EXERCISE DETAILS :: Your task is to restate the listing word for word without the pictures.

INFORMATION PROVIDED ::

# # #

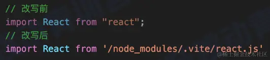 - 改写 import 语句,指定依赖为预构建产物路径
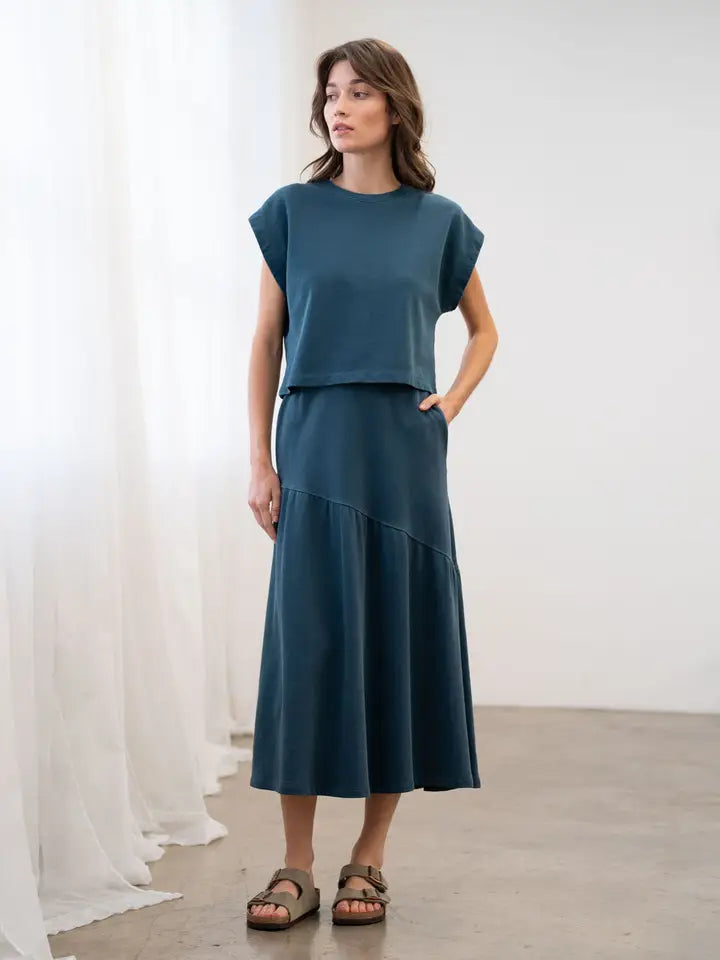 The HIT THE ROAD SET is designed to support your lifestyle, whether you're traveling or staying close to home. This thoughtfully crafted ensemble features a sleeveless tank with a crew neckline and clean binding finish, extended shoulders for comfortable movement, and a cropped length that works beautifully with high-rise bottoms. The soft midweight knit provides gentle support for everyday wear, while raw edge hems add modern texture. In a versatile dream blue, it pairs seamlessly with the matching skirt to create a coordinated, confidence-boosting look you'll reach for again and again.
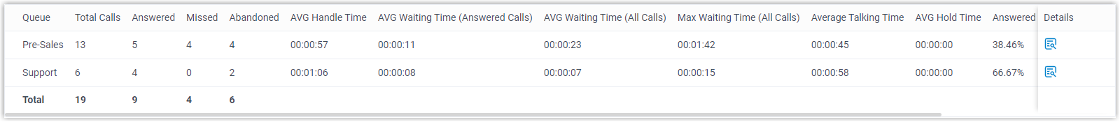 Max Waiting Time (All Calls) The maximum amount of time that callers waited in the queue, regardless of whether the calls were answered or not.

# # #

RESPONSE TO THIS TASK ::
 - 改写 import 语句,指定依赖为预构建产物路径
 The HIT THE ROAD SET is designed to support your lifestyle, whether you're traveling or staying close to home. This thoughtfully crafted ensemble features a sleeveless tank with a crew neckline and clean binding finish, extended shoulders for comfortable movement, and a cropped length that works beautifully with high-rise bottoms. The soft midweight knit provides gentle support for everyday wear, while raw edge hems add modern texture. In a versatile dream blue, it pairs seamlessly with the matching skirt to create a coordinated, confidence-boosting look you'll reach for again and again.
 Max Waiting Time (All Calls) The maximum amount of time that callers waited in the queue, regardless of whether the calls were answered or not.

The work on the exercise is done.